Both implement the VaultClient Protocol and are interchangeable at runtime.
data/epstein-docs/ ← Epstein document corpus (gitignored)
data/foia/ ← FOIA document archives (gitignored)
data/kuzu_db/ ← Kuzu graph database directory (gitignored)
data/training/ ← Training data: constitutional pairs, welfare data (gitignored)
data/annotations/ ← Gap/assumption annotation JSONL (gitignored)
checkpoints/ ← Model .pt files and DPO adapters (gitignored)

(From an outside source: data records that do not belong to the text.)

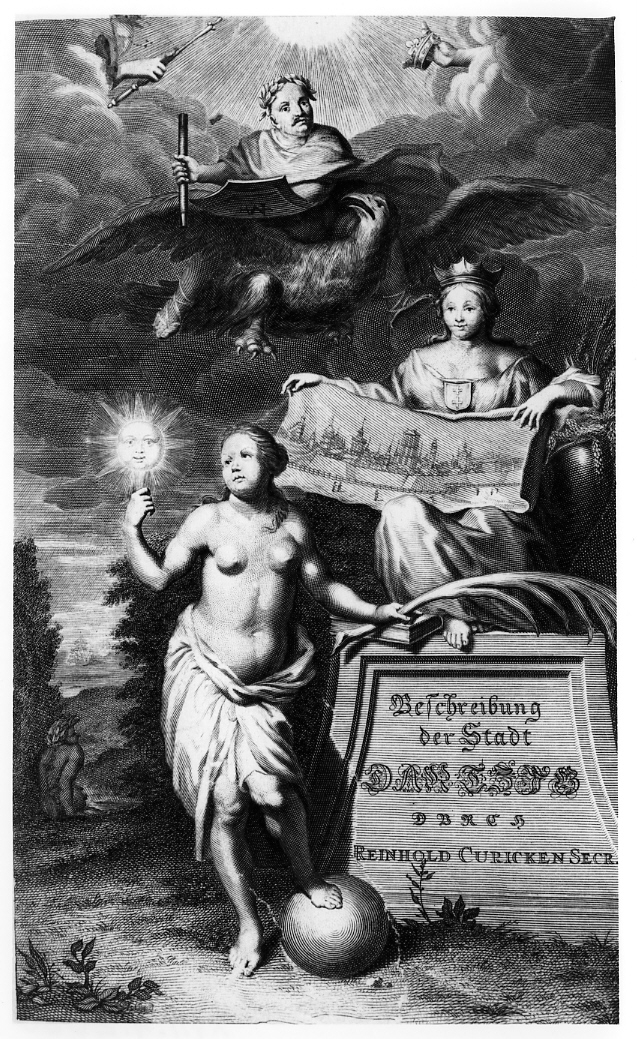 Nic zatem dziwnego, iż w – wydanym jeszcze za życia polskiego króla – dziele Reinholda Curickego Der Stadt Dantzig historische Beschreibung (Amsterdam und Dantzig 1688) nie mogło zabraknąć wizerunku wyjątkowo życzliwego miastu Sobieskiego. Przed drukowaną kartą tytułową dzieła znalazła się niesygnowana rycina (miedzioryt z akwafortą) o wysokim poziomie artystycznym, stanowiąca de facto drugą taką kartę – w całości sztychowaną. W strefie ziemskiej przedstawia ona dwie kobiece alegorie: stojącą Veritas (Prawdę) ze słońcem i palmą w rękach oraz siedzącą personifikację Gdańska, trzymającą zwój papieru z panoramą miasta. Nad nimi szybuje na orle, niczym boski Jowisz, Jan III – w wieńcu laurowym, antykizujących sandałach i w płaszczu, z regimentem i tarczą z monogramem I3. Orzeł, „ptak niebieski” i atrybut Jowisza, uchodził za króla ptaków i ptaka królów. Apoteoza Sobieskiego wyraźnie więc nawiązuje do apoteozy rzymskich cesarzy, unoszących się do nieba właśnie na orle. Nad głową bohatera skłębione obłoki rozstępują się, odsłaniając światłość; z niej wyłaniają się dwie dłonie dzierżące berło i otwartą koronę.
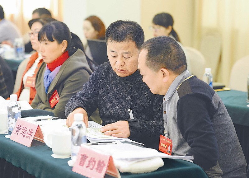 黄运洪代表(右二)与曹约翰代表(右一)讨论政府工作报告中关于交通建设的内容。本报记者 何海洋 摄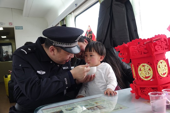 “车厢里很温馨,能感受浓浓的‘人情味’,感受到铁路公安对我们旅客的关怀。”前往长春的旅客刘大姐的话,说出了很多旅客的心声;“乘车切记不可吃别人送的食物”42岁的旅客马先生抽中了这样一个灯谜,他准备乘坐当天的火车到锡林浩特煤矿上班,“有灯谜猜,还能学到乘车安全知识,吃着甜甜的汤圆,让我感受到了浓浓的元宵节气氛,有份家的温暖。”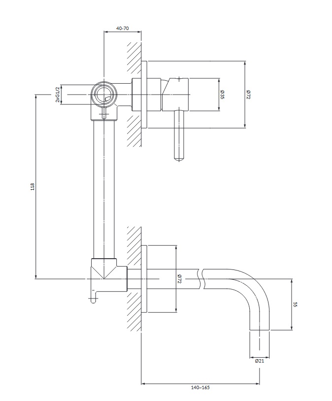 Bateria umywalkowa podtynkowa pionowa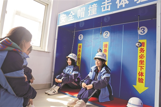 3月26日,在山东省滨州市沾化区大高镇应急救援站,学生们体验安全帽撞击。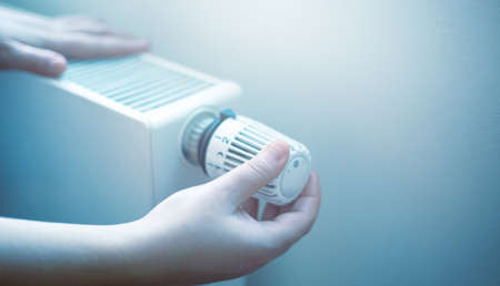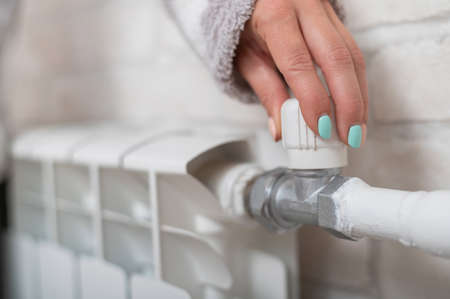 Woman hand regulates the temperature on the radiator, high electricity and gas prices, economic crisis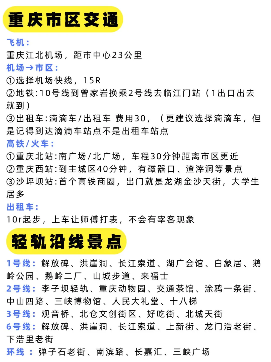 🚆高铁/火车站:重庆北站、重庆西站、沙坪坝站都可以到达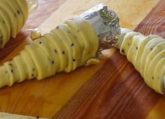 Γύρω από ένα αλουμινόχαρτο τυλίγει σε σχήμα κώνου ένα ζυμάρι -Το τελικό αποτέλεσμα;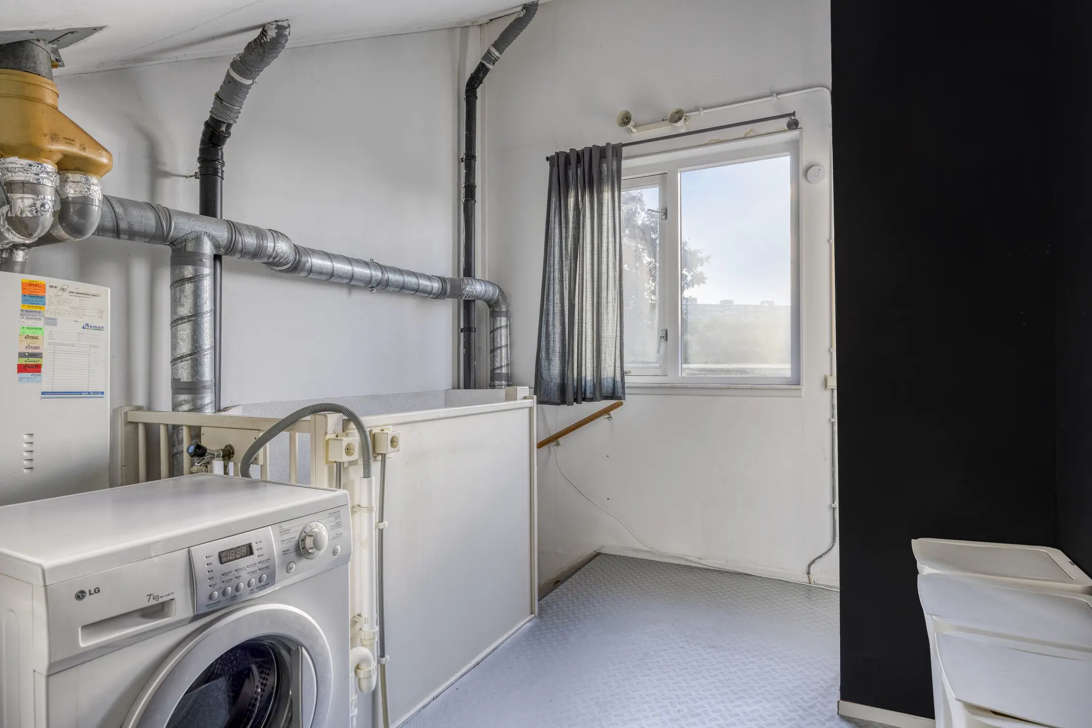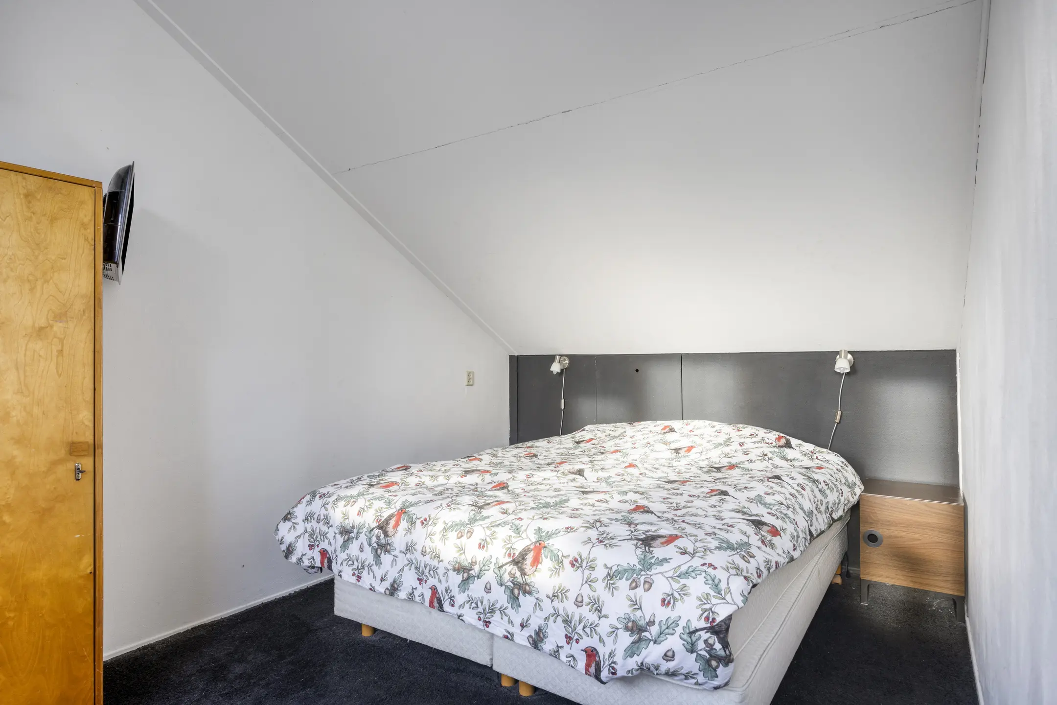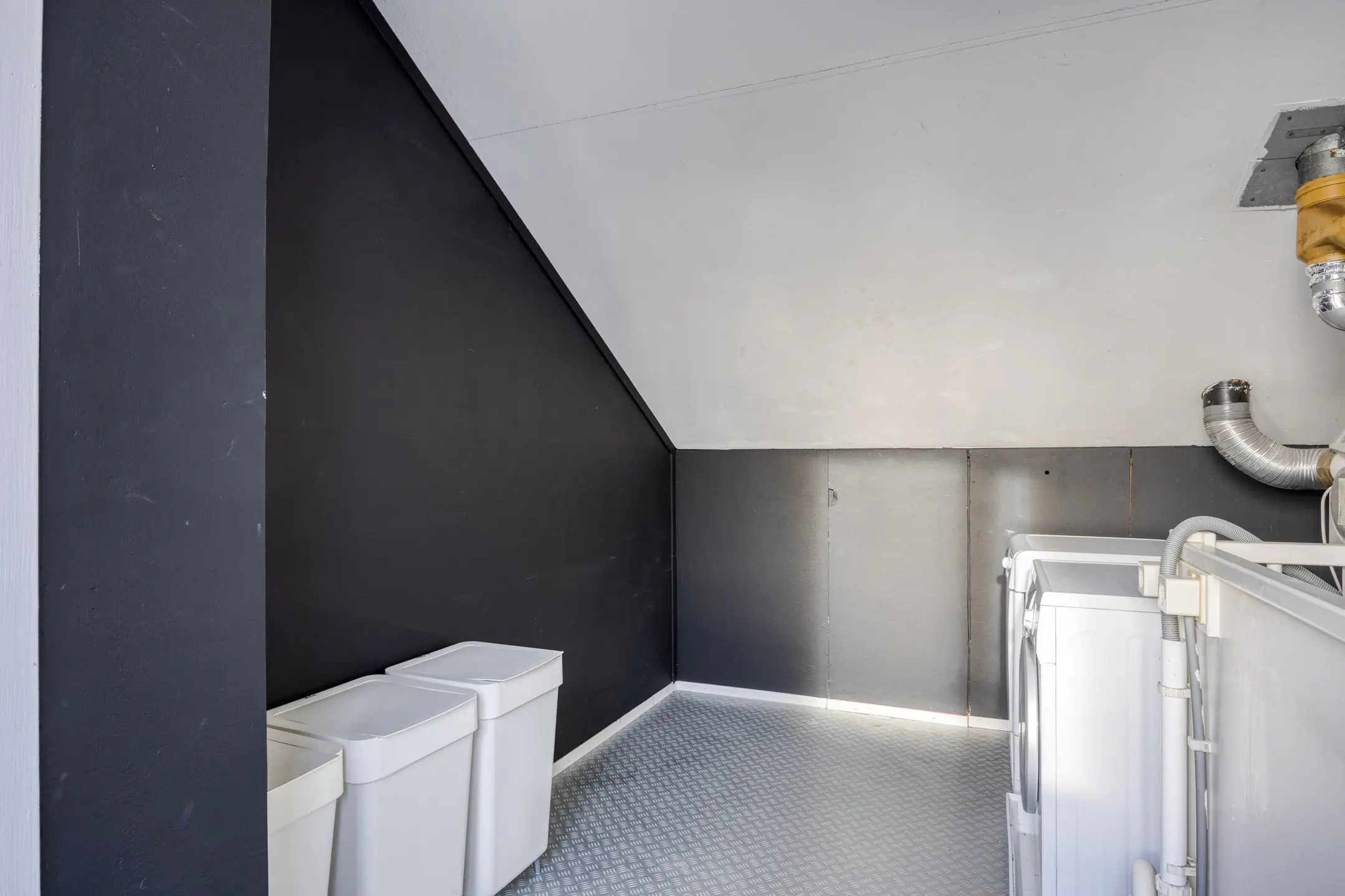 Overloop met de aansluitingen voor de wasmachine, de mechanische ventilatie unit en de C.V.-combiketel. Ruime vierde slaapkamer met een deur naar het op het zuid oosten gelegen dakterras. waar u heerlijk van de ochtendzon kunt genieten.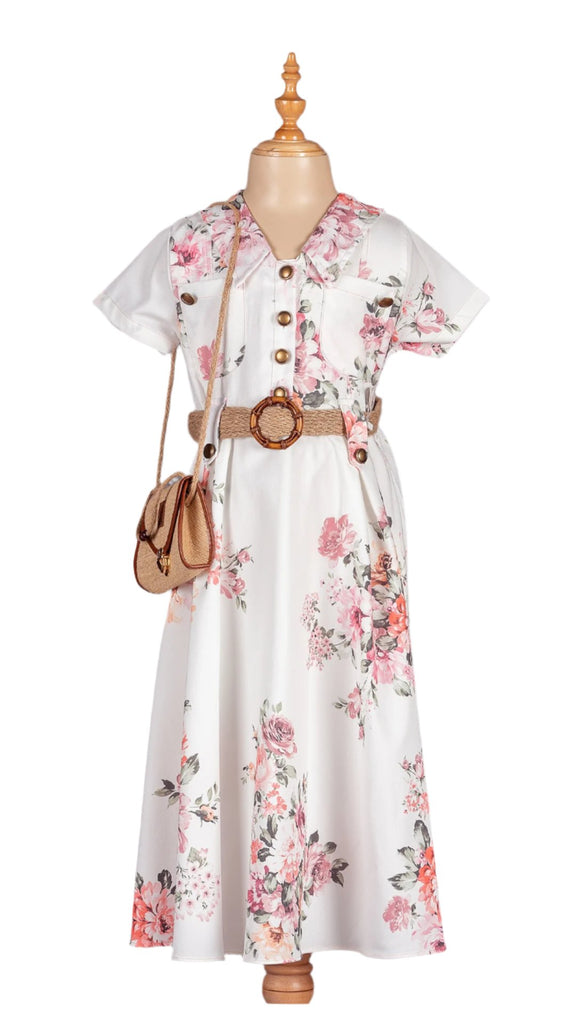 MUGE PRINTED MIDI DRESS - FUSCHIA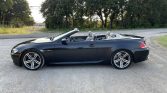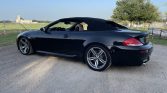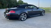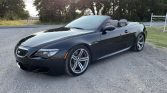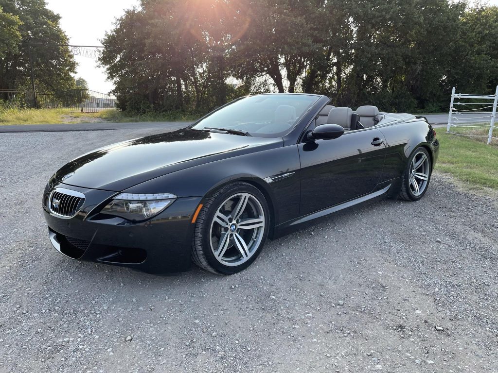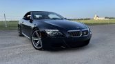 This 2008 BMW M6 convertible is finished in Black Sapphire Metallic over Light Sepang Bronze Merino leather, and it is powered by a 5.0-liter V10 paired with a six-speed manual transmission. Equipment includes a power-operated black soft top, adaptive xenon headlights with washers, iDrive infotainment with navigation, heated and power-adjustable front sport seats, and Park Distance Control, and the car is fitted with BC Racing coilover suspension and a modified exhaust system. The car was first registered…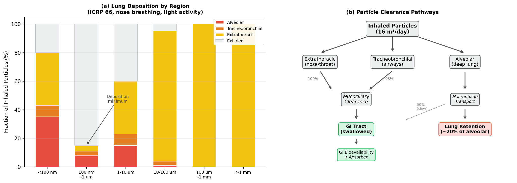 The clearance assumptions are explicit. Extrathoracic deposition is treated as 100% swallowed to the GI tract. Tracheobronchial deposition is treated as 98% cleared to the GI tract via the mucociliary escalator, with a half life of roughly 2 to 24 hours. Alveolar deposition is treated as 60% cleared to the GI tract through macrophage mediated transport, 20% permanently retained in lung tissue, and 20% diverted to lymph nodes. These are simplifying assumptions, but they allow the model to separate temporary passage from longer term tissue burden rather than collapsing inhalation into a single number.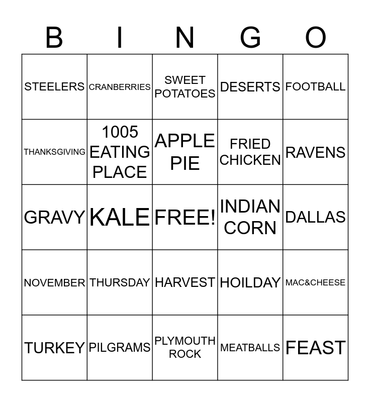 This bingo card has a free space and 24 words: THURSDAY, PILGRAMS, APPLE PIE, TURKEY, FOOTBALL, STEELERS, THANKSGIVING, CRANBERRIES, INDIAN CORN, HARVEST, FRIED CHICKEN, GRAVY, HOILDAY, MAC&CHEESE, 1005 EATING PLACE, MEATBALLS, DALLAS, SWEET POTATOES, RAVENS, KALE, FEAST, NOVEMBER, DESERTS and PLYMOUTH ROCK.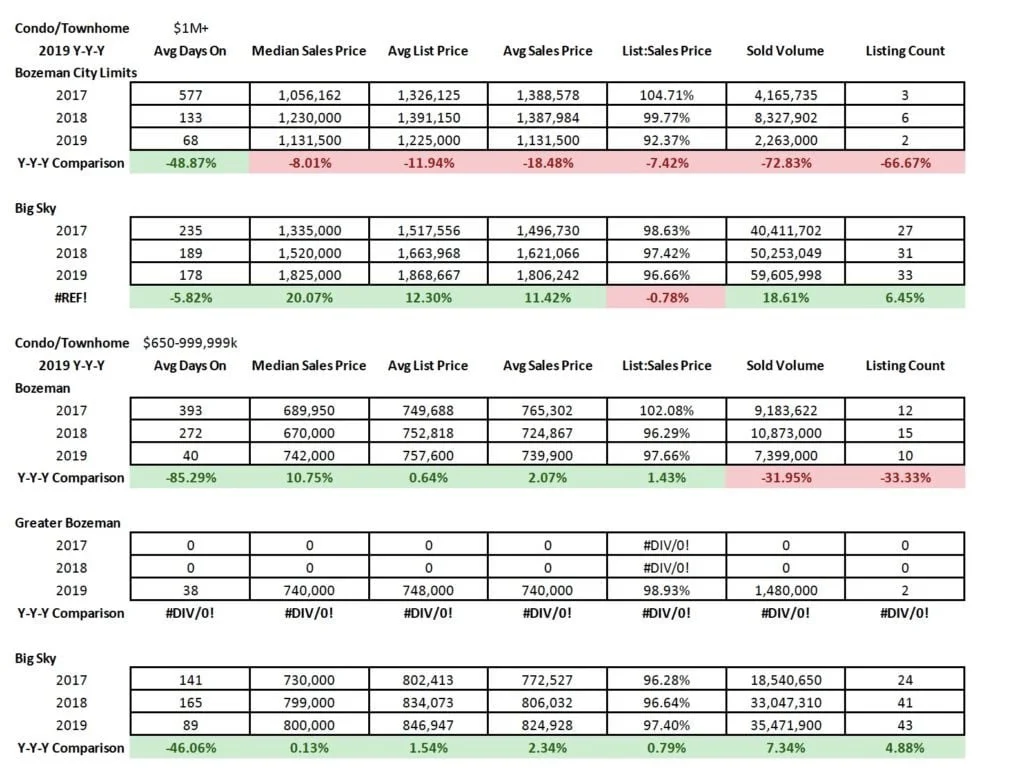 High end condo and townhome sales year over year have remained constant in Big Sky and dropped slightly in Bozeman. List to sales price ratios show minimal discounting on average, indicating a seller’s market in this sector.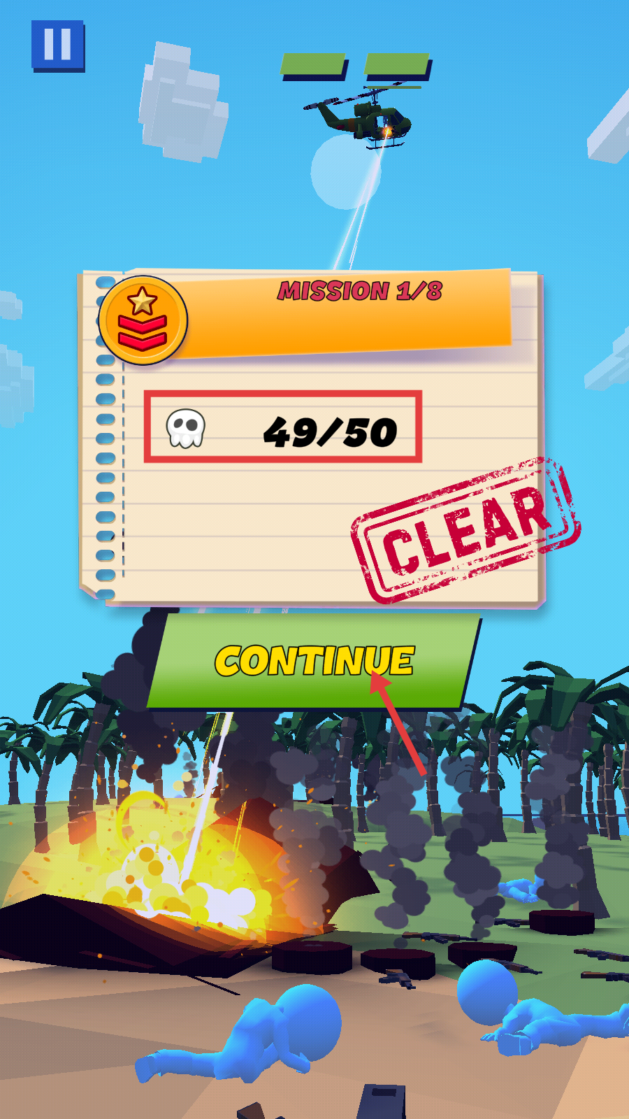 4、完成【MISSION-1/8】,消灭指定数量(如49/50)的敌人后,界面显示“CLEAR”,点击“CONTINUE”可进入下一个任务。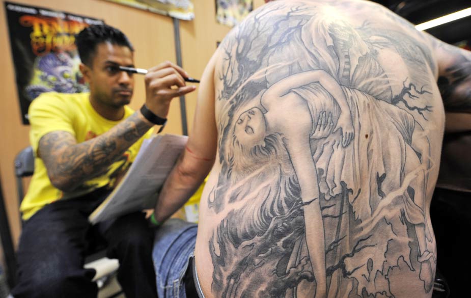 巴黎“纹身艺术节” 纹身大师争相献艺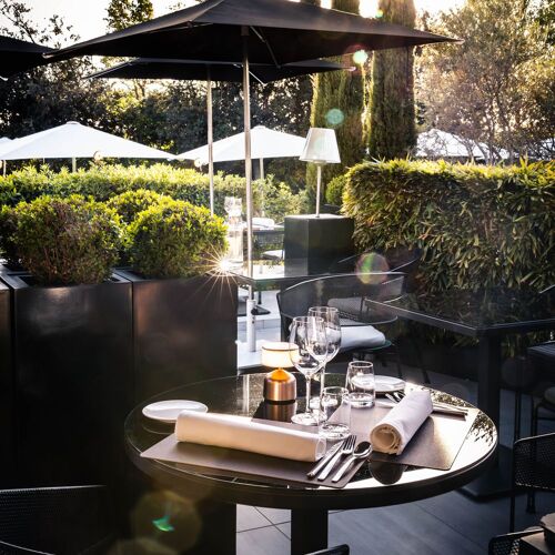 What a pleasure it is to take a seat in this establishment where you are welcomed naturally and simply by a Burgundian family. In this charming restaurant, the chef concocts subtle and delicate dishes, sprinkled with Provençal innuendo. The patio, next to the swimming pool and surrounded by Mediterranean vegetation, invites you to slow down and take things easy. An oasis of peace and charm.

docs/vault/ ← ADRs, hypothesis traces, gap findings
The analytical framework is implemented and tested (1097 tests passing): gap taxonomy (5 types), assumption taxonomy (3 types, Modules A/B/C all implemented), immutable hypothesis lineage, parallel hypothesis evolution (Graph of Thought), 4-layer analytical pipeline with inline gap detection, constitutional self-critique, injection defence, legal domain grounding, Φ(humanity) welfare scoring (v2.1, 8 constructs), autonomous investigation agent (plan→gather→analyze→reflect→evolve→enrich), 8 pluggable investigation sources (FOIA, graph, web, news, CourtListener, SEC EDGAR, OCCRP, IICSA), person auditing, entity NER, MinHash dedup, and a Phi trajectory forecasting bridge.
Deployment uses vLLM with optional LoRA adapter support for the DPO-trained detective model. See deployment/vllm_start.sh --lora for setup.
The canonical implementation plan and system design documents are in docs/plans/. The living intellectual foundation is docs/constitution.md.
This system is grounded in a tradition of thinkers who understood, from lived experience, that the record is never neutral:
Patricia Hill Collins (standpoint knowledge; who gets to decide what counts as evidence), Paul Ekman (deception through omission; the hundred-thousand shapes of falsehood — including through micro-expression, a direction that opens toward vision-service integration for video and recorded testimony), Isabel Wilkerson (structural silence as finding; the evil of silence), James Baldwin (credibility resistance — being disbelieved precisely because what you said was true), bell hooks (honest analysis as an act of care, not aggression), Kelly Hayes & Mariame Kaba (the gap between official narrative and the knowledge held by those most affected), Richard Delgado & Jean Stefancic (the curated record; counter-narrative as valid evidence), Assata Shakur (the record used as a weapon against the documented), Chancellor Williams (documentary suppression across a civilisational horizon).
These are not decorative citations. They are the load-bearing structure of the detection logic. See docs/constitution.md for the full moral compass.